I don’t generally like to post my plans in advance, because I don’t want to jinx it and I don’t want to feel obligated, but this I need to share.
I am considering a stacked version with basically two MPCNC machines stacked on top of each other, with the Z axis traveling through both. Only the lower gantry would have a motor and lead screw to drive the Z axis vertically.
The upper gantry would constrain the Z axis from twisting. Both sets of gantry rails would have motors and belts like the MPCNC, and each motor driver would drive four stepper motors in series instead of two. I can get a 24V power supply to make sure I’m not running out of voltage with so many motors in series.
To maximize stiffness, I was considering extra stiff rails for the lower gantry and the Z axis, shown in yellow. The upper gantry need not be quite as stiff. This depends on the height, which I’ll get to in a bit. It’s fairly easy to find 1" (25.4 mm OD) tube with thick or thin walls, so I was thinking the yellow rails can be thick-walled, while the blue rails are cheaper.
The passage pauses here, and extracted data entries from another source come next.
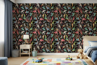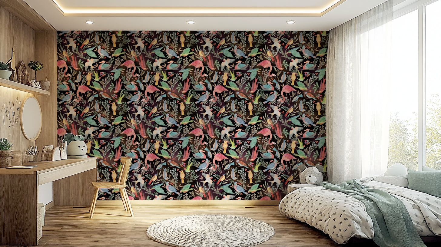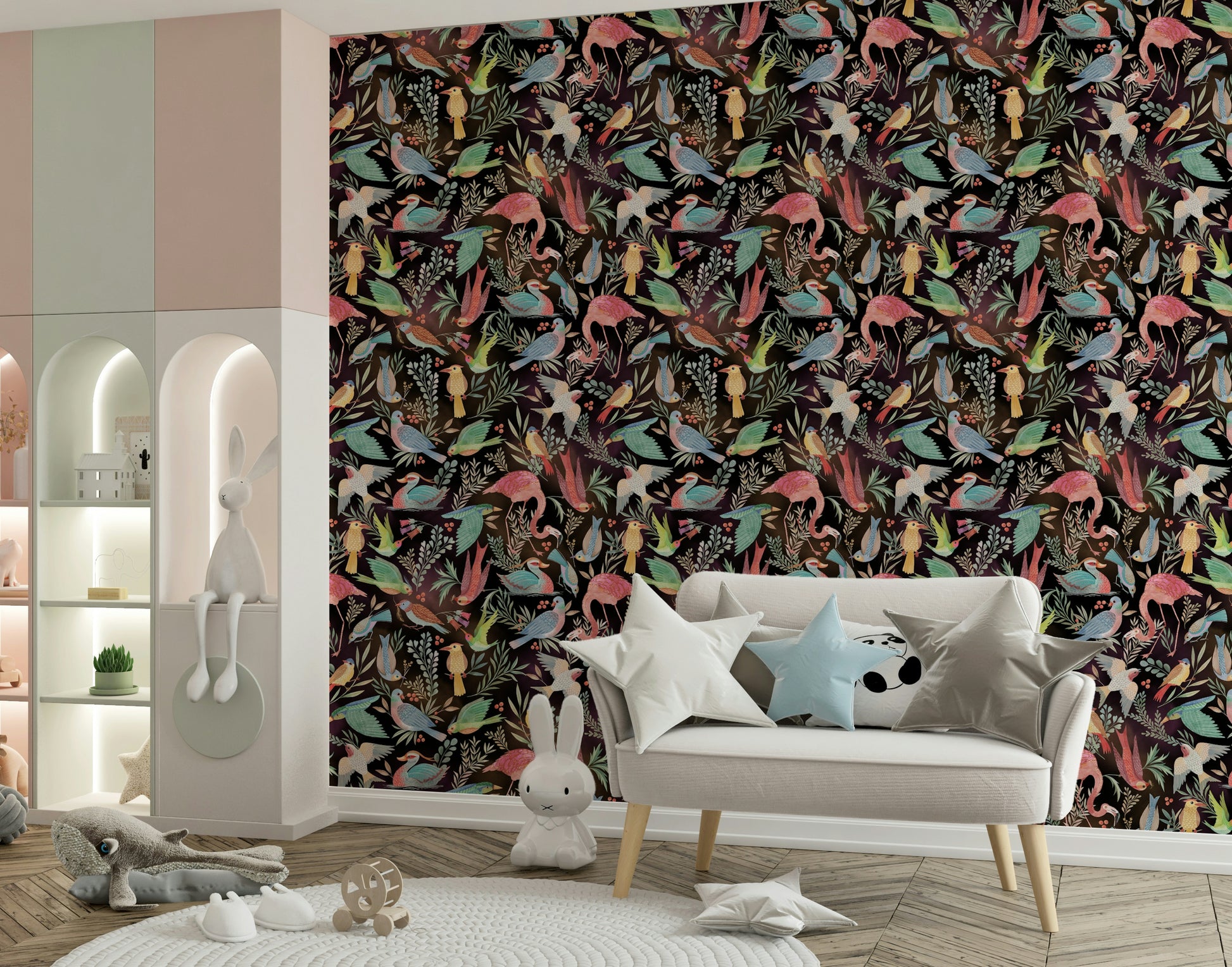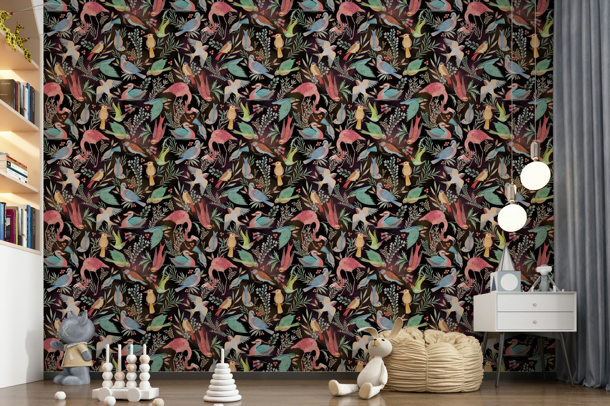 Embark on a nocturnal avian adventure with "Dream Dark Birdwatcher's." This captivating wallpaper showcases a vibrant tapestry of exotic birds—flamingos, hummingbirds, and ducks—rendered in a dreamy, watercolor style against a rich, dark background. Intricate floral details intertwine with the feathered creatures, creating a surreal and enchanting scene. The colors are both bold and muted, offering a unique blend of fantasy and elegance. Perfect for adding a touch of whimsical mystery to any digital device.
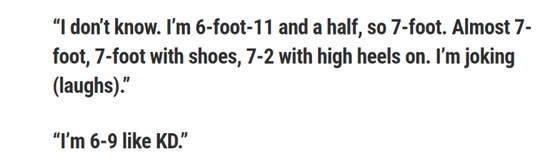 一直以来都把杜兰特视作自己偶像的字母哥那年对着媒体开起了杜兰特虚报身高梗的玩笑,自嘲自己是6尺9寸的杜兰特。
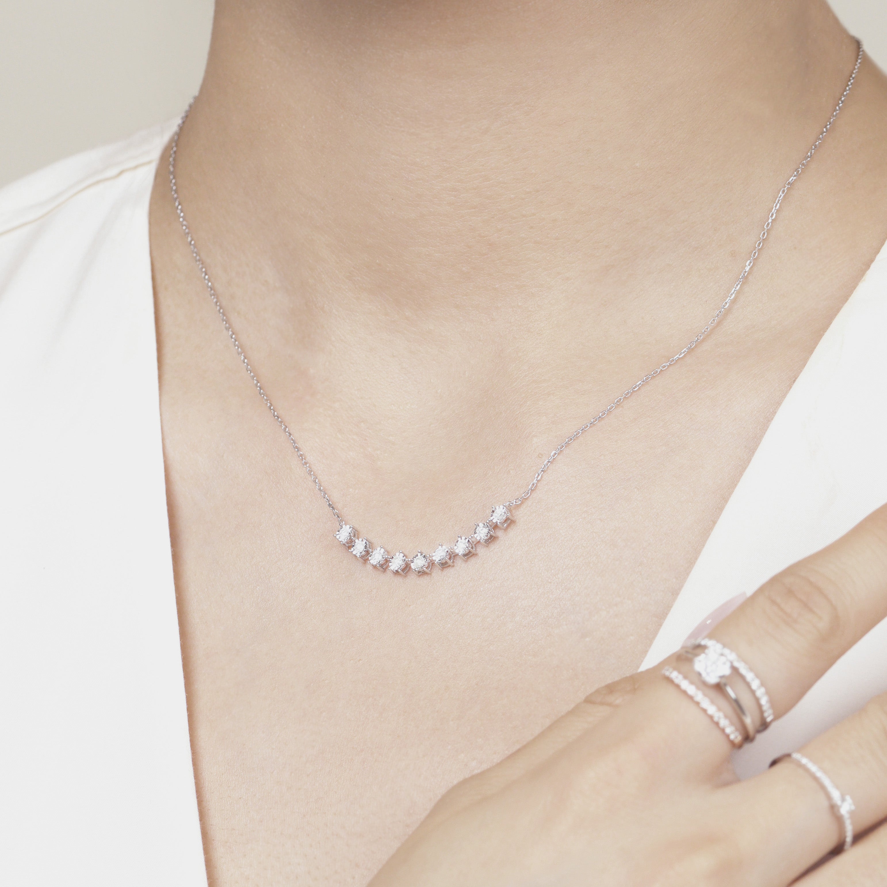 Introducing Faber's 18K Gold Round Brilliant Diamond Illusion Necklace, an exquisite piece that combines modern design with timeless elegance. Featuring 0.28 carats of beautifully cut round brilliant diamonds in a captivating illusion setting, this necklace is designed to enhance the appearance of the diamonds, making them appear larger and more radiant. Crafted in 18K white gold, the delicate arrangement of diamonds creates a graceful arc that sits perfectly along the neckline. Whether for a special occasion or adding subtle sophistication to your everyday look, this necklace is a true embodiment of refined luxury. Elevate your jewellery collection with this stunning piece from Faber.
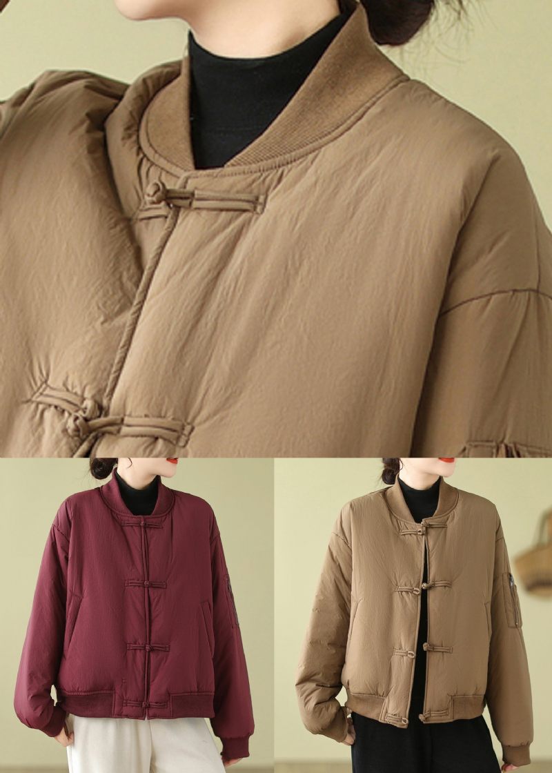 Lösa Khaki-knappfickor Bomullsfylld Parkas Långärmad
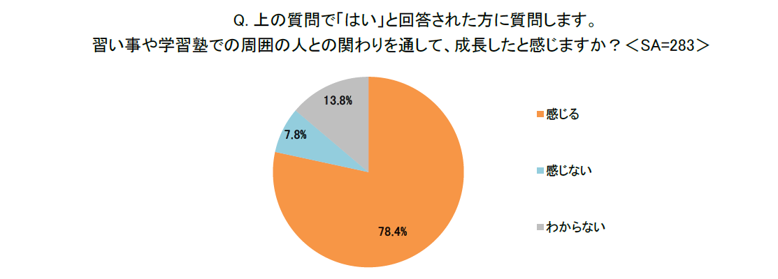 子どもに学校外活動の経験が「ある」と答えた人に、習い事や学習塾での周囲の人との関わりを通して、子どもは成長したと感じるかを尋ねた質問では、「感じる」という回答が約8割となっている。

The green outer frame has lower stiffness requirement, and I was considering using 3/4" EMT to minimize cost.
I will need to design corner pieces that allow the legs to pass through, which should be straightforward enough. If I go with mix-and-match tubing sizes I will need to make a roller piece that rolls on 3/4" EMT but accepts a 25.4mm gantry rail, which I was thinking I would just take the “C” design and bore out a 25.4mm cylinder digitally on the STL file. The center assemblies would be unmodified “J” design since all rails are the same size.
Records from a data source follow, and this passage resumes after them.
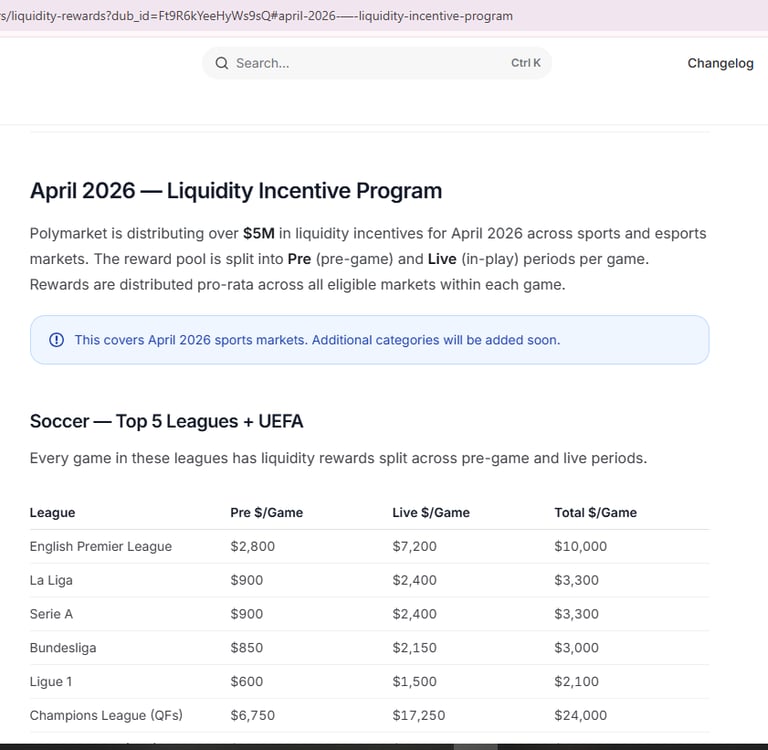 Polymarket just dropped a massive incentive for April, and if you aren’t paying attention, you’re leaving money on the table. They’ve allocated over $5M to reward Liquidity Providers (LPs) across all major sports markets.
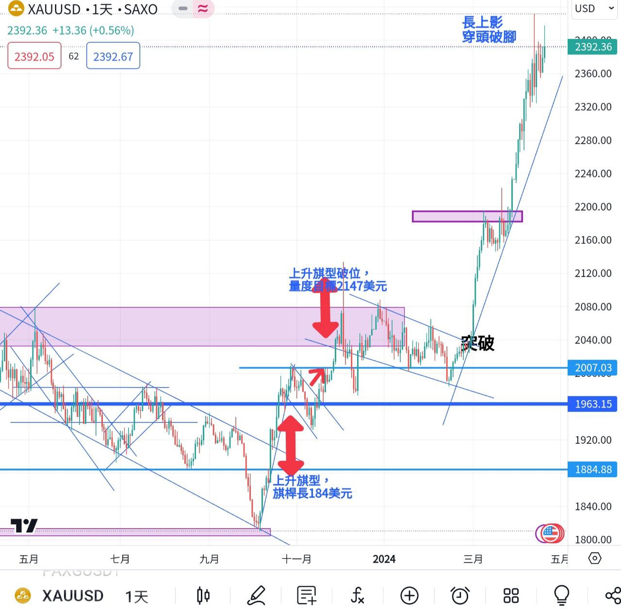 黄金回吐过后再爬升,中东局势紧张支持金价连升5周。金价经历了2023年1月以来最长连续升幅,累计五周共有约250美元升幅,增长超过1成。上周末时间,伊朗首次直接开火报复以色列,周末局势较为紧张,令周初时间金价跳空爬升,但随着美国并不支持以色列反击,加上伊朗亦未再有进一步开战计划,金价再度回落,跌穿前周回吐低位,但回吐过后,买盘积极吸纳,让金价守稳2300美元关口。近期美元及黄金罕见同步出现升幅,美联储官员纷纷应对早前通胀回升,及不俗经济数据,而放出鹰派言论,令美元升上106水平,多只亚洲货币呈弱势,但金价整体未见跌幅,每次回吐均能马上企稳,周五更承以色列还火而重上2400关口;中东局势近期可谓惹火,任何擦枪走火也令资金流入金市避险。加上央行积极买盘,似有无形之手托市,令黄金无视美元强势而保持大涨小回格局。展望本周,有多项经济数据公布,若显示美国经济之旺盛,将会继续打击美联储减息周期的开始,现时利率期货已显示9月减息机会降至67%。而周末的PCE更是全周重点,前周CPI曾打压金价回吐至2320附近位置,若通胀继续高企,纵使未必能扭转黄金升势,但亦会出现较深回吐,令市场出现更理想吸纳位置。市况点睇,不妨互相参考一下。
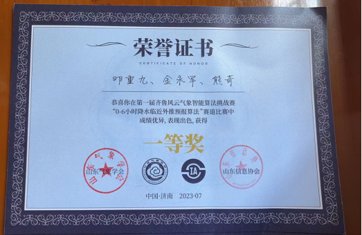 7月15至16日,由山东气象学会、浪潮数字(山东)建设运营有限公司、山东信息协会联合主办的第一届齐鲁风云气象智能算法挑战赛决赛及颁奖仪式在济南完美收官。历经初赛、复赛、决赛的层层选拔和激烈角逐,今年会教师刘佳指导的研究生邓重九、金永军、熊奇组成的团队获得“0-6小时降水临近外推预报算法”赛道一等奖。

Side panels of wood or diagonal braces would support the machine from racking. Mid-span supports on the lower rails would minimize sagging, but one interesting possibility is using the upper assembly to support the weight of the tool and Z axis, either though a counter-weight or some elastic. It seems to me the upper rails could sag a lot before it has a negative effect on the system, so why not have the upper rails bear all the weight. Apart from speed, I would have much less penalty for heavy tools or rails.
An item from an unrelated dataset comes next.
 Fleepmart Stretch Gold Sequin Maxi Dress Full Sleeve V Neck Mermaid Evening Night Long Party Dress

The height of the upper portion presents an interesting choice. Let’s say the lower rails are 1 foot from the deck, and the upper rails are x feet above the lower rails. Then one kg of horizontal force on the tool at maximum extension (minimum Z) produces 1/x kg of force on the upper gantry (in the opposite direction), and 1+1/x kg of force on the lower gantry. (This neglects the center assembly’s stiffness against twisting.) The mathematically “ideal” height is perhaps very tall, resulting in the Mostly Printed Telephone Booth :). But there are diminishing returns, so for practical reasons I will probably choose an overall height of perhaps 4 feet. Horizontal dimensions are not yet decided but won’t be more than 4 feet. With some thought into the corner design, it should be possible to make the height adjustable without disassembling the machine.
Cost wise, this build is definitely a higher expense. Most parts you have to pay for twice, but the tool, the z-motor and leadscrew, and the electronics are paid for only once. I’m estimating about $160 for motors, belts, bearings, PLA, and conduit. I don’t have a good number for thick-walled tube or the 5/16" hardware but my rough estimates are about $600 all-in.
I have mentioned before that I don’t have any “real work” to put this machine to use. This is entirely academic/entertainment. A certain minimum Z height does matter for a tool changer, and the tool change capability also demands more x/y area because it gets consumed by the tools. I have not yet looked seriously into a 4th axis (or 5th, ha), but I am expecting that it could require a decent Z height to fit under the tool. Also MPCNC as 3D printer would require some Z height, although it is a pretty silly waste of stiffness.
I know this “just in case” for everything is not the smart way to achieve any one purpose for real work, but since my purpose is experimentation I think it will serve me well.